In later ages, we find As-Suyuti in Egypt, Ash-Shawkani in Yemen, and Shah Waliullah Dehlawi in India, among other renewers.
As for the claim that the narration encourages silence on injustice, submission, and humiliation to the oppressor, and contentment with corruption and vice, supporting passivity in the face of corruption, it is refuted by saying: Anas bin Malik, narrating from the Messenger of Allah, said: “Be patient,” and did not command them to be content with corruption, injustice, submission, and humiliation. There is a significant difference between patience and contentment! Contentment with disbelief is disbelief, and with vice is vice. However, being patient with something while disliking it and striving to change it is something else. Those who have the ability to change vice should do so, and those who do not should be patient, cautious, and prepare the means; otherwise, vice should not be removed with something worse!

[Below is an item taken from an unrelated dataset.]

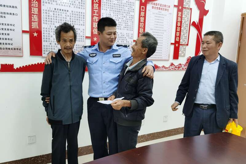 4月5日20时许,平孟出入境边防检查站移民管理警察在对口岸限定区域巡逻时,发现一名男子进入到口岸限定区域,便走近询问了解情况,发现其精神状态不太好,语言表达也存在一定问题,一时无法了解他的姓名和具体情况,便将他带到口岸大楼接待室做进一步了解。经过耐心询问交流,这名男子表示,自己是广东省河源市龙川县紫市镇新南村人,30年前离开了家乡。根据该男子提供的线索,民警经网络查询、求助相关部门等,最终联系到了该男子提到的新南村支书,初步确认该男子是该村村民杨桂明的弟弟杨静民。
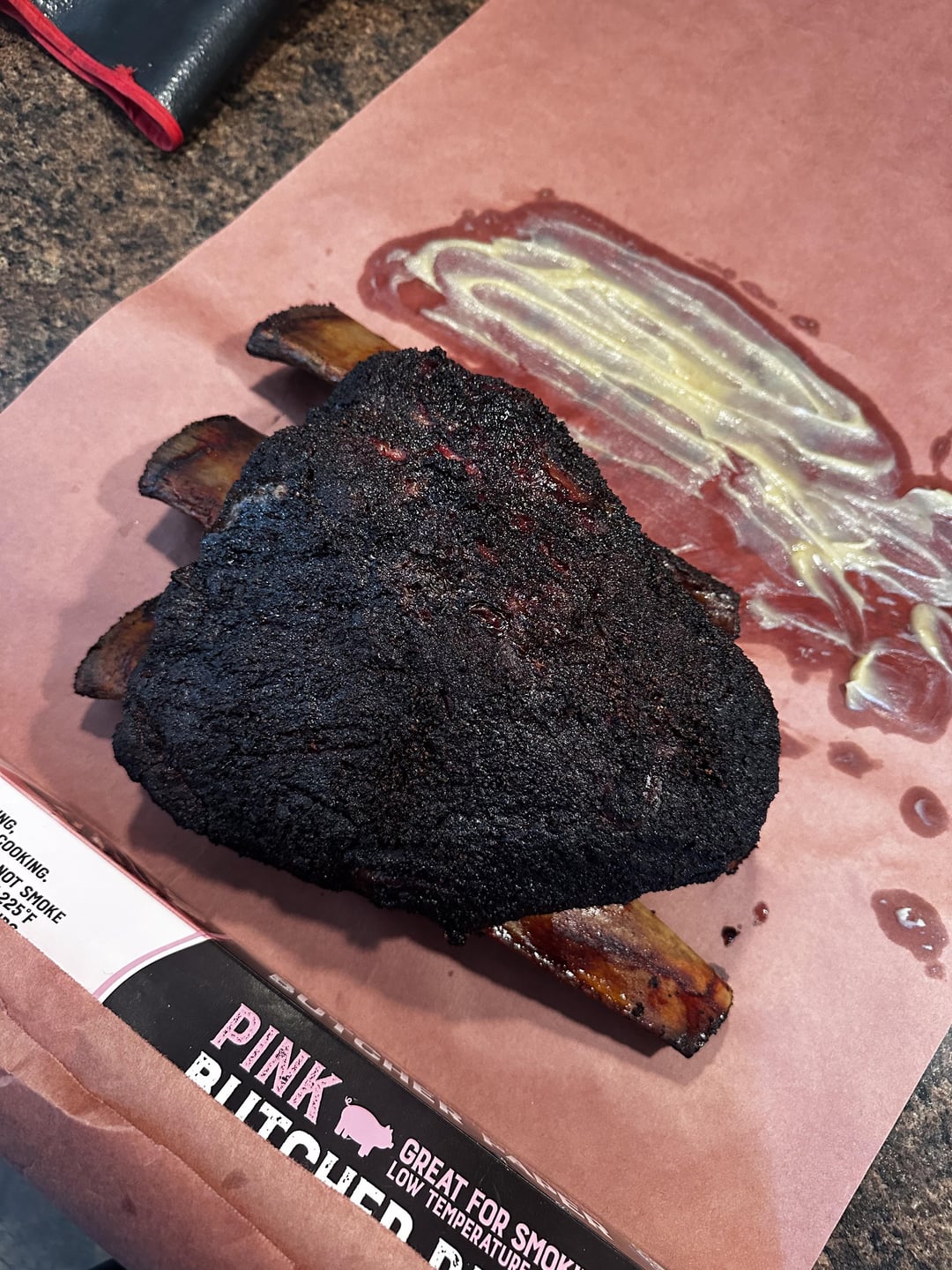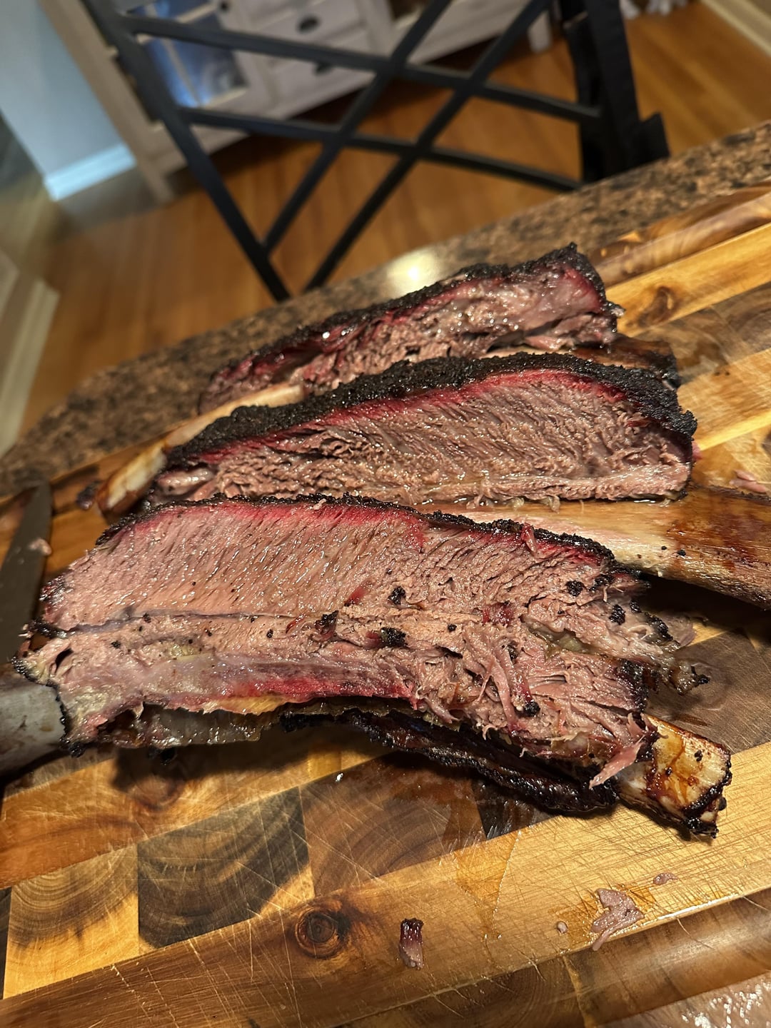 First photo is right after coming off, before wrapping and hot holding for a few hours before dinner. Second photo is right before enjoying. Despite needing a sharper knife, they were everything I wanted them to be. Delicious.

We say: Those who dealt with the heritage, from the statements of imams, jurists, and mujtahids, as if it were sacred like the sanctity of the Quran and the sound Sunnah, and those who saw any criticism directed at the heritage as criticism directed at the Quran and the Sunnah, are the ones who put those wanting to renew the religion into doubt and suspicion!!
To be truthful, we say: Renewal (Tajdeed) and reform, in our view, is not a confrontation with this heritage. It is a new vision and required reading, based on the fact that Tajdeed is a Prophetic term, and reform is a Quranic term. If modernity is replacing one structure with another, then Tajdeed is a new step towards a new concept of God’s book and His Messenger’s Sunnah, with an understanding of the old and drawing comfort from it, not every old thing is discarded, nor is every new thing adopted.